● Extracted entries
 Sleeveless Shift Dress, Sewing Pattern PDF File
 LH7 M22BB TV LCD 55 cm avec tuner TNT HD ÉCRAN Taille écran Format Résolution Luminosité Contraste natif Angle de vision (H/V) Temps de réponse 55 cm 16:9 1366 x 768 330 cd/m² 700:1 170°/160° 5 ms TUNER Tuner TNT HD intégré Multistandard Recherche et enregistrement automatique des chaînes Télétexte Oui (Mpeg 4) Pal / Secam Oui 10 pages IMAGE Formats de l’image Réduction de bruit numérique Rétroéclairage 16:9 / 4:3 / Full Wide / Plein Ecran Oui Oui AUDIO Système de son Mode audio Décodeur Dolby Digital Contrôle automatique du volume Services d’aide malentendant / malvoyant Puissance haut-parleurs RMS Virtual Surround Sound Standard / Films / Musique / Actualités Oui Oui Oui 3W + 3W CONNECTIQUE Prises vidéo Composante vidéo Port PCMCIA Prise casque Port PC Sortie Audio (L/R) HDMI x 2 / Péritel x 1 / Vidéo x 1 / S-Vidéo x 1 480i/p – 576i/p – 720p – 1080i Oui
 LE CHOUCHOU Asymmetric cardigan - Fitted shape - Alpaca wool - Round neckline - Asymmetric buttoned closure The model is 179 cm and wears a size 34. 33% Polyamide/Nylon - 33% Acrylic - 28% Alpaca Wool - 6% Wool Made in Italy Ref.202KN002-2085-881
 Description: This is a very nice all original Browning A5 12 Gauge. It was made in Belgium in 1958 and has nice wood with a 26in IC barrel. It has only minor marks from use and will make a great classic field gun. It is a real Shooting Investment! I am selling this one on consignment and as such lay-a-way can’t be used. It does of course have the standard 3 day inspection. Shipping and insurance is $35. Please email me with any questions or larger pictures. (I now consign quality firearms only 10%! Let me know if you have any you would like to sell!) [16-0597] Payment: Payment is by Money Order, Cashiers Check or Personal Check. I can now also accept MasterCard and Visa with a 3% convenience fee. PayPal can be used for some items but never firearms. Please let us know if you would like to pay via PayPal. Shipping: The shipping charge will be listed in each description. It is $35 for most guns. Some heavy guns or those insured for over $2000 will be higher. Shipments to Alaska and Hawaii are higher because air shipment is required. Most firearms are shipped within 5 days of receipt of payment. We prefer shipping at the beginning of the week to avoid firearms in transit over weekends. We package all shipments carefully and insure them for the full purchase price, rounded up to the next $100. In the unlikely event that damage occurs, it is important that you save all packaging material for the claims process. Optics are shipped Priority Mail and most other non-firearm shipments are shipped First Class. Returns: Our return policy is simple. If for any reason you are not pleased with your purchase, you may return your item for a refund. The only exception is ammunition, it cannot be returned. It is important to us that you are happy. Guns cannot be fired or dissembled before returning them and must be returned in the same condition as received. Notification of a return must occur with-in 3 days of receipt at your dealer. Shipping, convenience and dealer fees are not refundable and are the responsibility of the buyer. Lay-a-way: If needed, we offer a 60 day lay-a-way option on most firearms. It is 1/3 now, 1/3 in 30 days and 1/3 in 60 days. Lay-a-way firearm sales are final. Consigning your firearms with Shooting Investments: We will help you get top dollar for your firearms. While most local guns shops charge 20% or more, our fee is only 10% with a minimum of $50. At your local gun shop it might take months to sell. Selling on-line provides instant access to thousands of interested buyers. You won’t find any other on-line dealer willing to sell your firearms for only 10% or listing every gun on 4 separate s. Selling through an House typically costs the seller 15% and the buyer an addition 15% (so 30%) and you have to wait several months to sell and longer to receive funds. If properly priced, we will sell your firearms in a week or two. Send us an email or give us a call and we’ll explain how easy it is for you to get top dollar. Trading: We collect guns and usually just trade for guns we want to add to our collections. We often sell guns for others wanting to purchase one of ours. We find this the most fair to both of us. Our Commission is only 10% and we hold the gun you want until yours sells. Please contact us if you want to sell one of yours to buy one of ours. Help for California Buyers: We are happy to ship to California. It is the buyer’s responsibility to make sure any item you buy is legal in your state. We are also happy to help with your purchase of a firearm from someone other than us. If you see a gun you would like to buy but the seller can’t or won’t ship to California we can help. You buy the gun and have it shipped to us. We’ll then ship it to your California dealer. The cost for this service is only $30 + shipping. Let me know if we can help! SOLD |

...

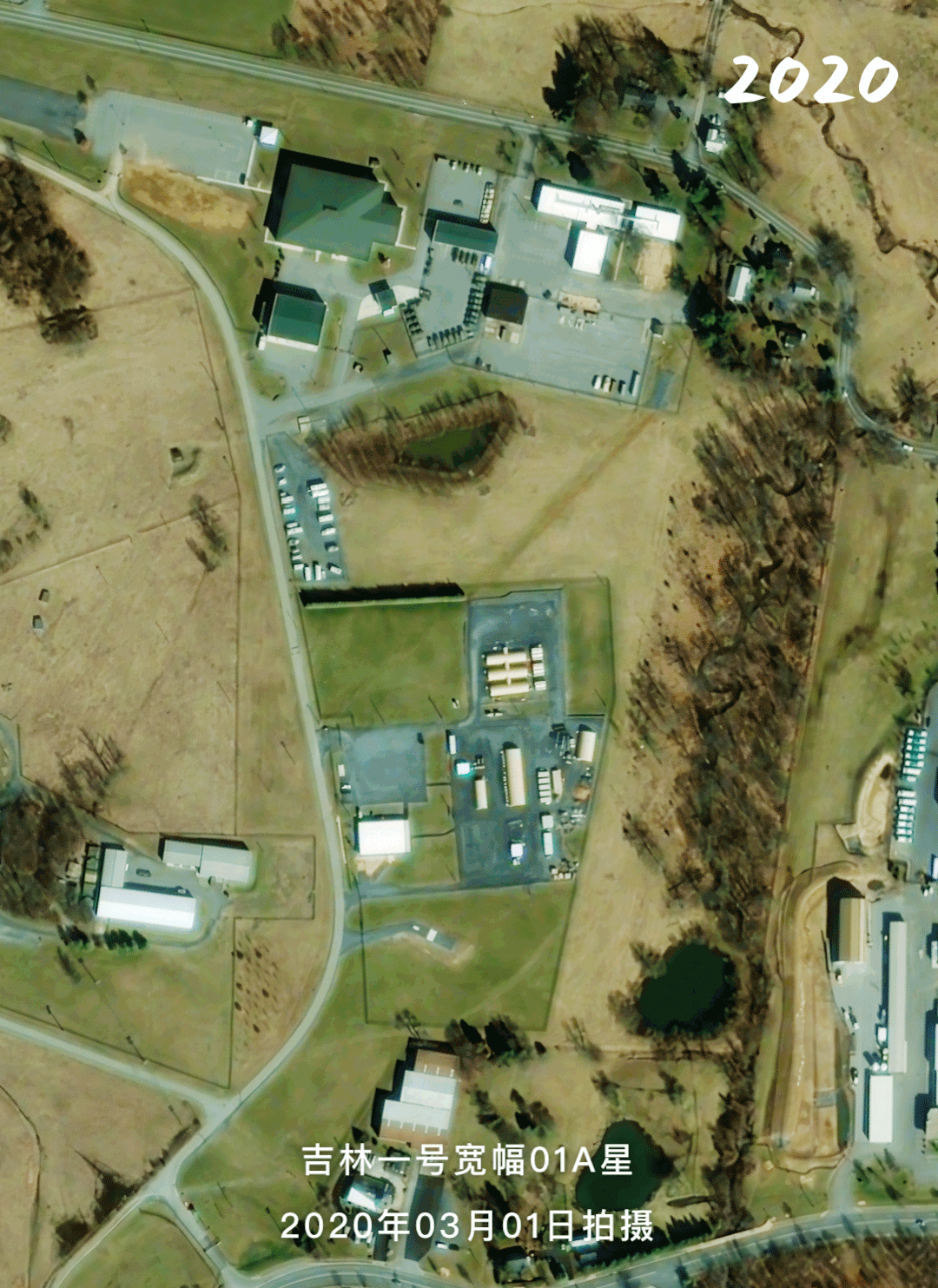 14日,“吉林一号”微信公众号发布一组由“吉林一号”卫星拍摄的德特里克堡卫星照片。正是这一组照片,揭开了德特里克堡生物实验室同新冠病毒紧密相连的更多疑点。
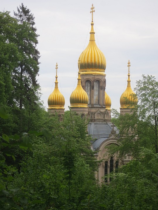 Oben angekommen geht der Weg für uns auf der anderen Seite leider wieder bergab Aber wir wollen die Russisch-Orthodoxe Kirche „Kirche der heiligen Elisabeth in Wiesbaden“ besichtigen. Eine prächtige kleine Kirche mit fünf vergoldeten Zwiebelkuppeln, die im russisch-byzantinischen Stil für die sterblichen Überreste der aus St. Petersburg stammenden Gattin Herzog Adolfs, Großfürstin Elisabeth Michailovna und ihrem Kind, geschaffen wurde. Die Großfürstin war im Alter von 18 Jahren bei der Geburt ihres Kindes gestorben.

● What to work on
Working from the material above, retype exactly the lines from the one with "Sleeveless Shift Dress, Sewing" through the one with "LE CHOUCHOU Asymmetric", both included, and only those lines.

● Result for this task
 Sleeveless Shift Dress, Sewing Pattern PDF File
 LH7 M22BB TV LCD 55 cm avec tuner TNT HD ÉCRAN Taille écran Format Résolution Luminosité Contraste natif Angle de vision (H/V) Temps de réponse 55 cm 16:9 1366 x 768 330 cd/m² 700:1 170°/160° 5 ms TUNER Tuner TNT HD intégré Multistandard Recherche et enregistrement automatique des chaînes Télétexte Oui (Mpeg 4) Pal / Secam Oui 10 pages IMAGE Formats de l’image Réduction de bruit numérique Rétroéclairage 16:9 / 4:3 / Full Wide / Plein Ecran Oui Oui AUDIO Système de son Mode audio Décodeur Dolby Digital Contrôle automatique du volume Services d’aide malentendant / malvoyant Puissance haut-parleurs RMS Virtual Surround Sound Standard / Films / Musique / Actualités Oui Oui Oui 3W + 3W CONNECTIQUE Prises vidéo Composante vidéo Port PCMCIA Prise casque Port PC Sortie Audio (L/R) HDMI x 2 / Péritel x 1 / Vidéo x 1 / S-Vidéo x 1 480i/p – 576i/p – 720p – 1080i Oui
 LE CHOUCHOU Asymmetric cardigan - Fitted shape - Alpaca wool - Round neckline - Asymmetric buttoned closure The model is 179 cm and wears a size 34. 33% Polyamide/Nylon - 33% Acrylic - 28% Alpaca Wool - 6% Wool Made in Italy Ref.202KN002-2085-881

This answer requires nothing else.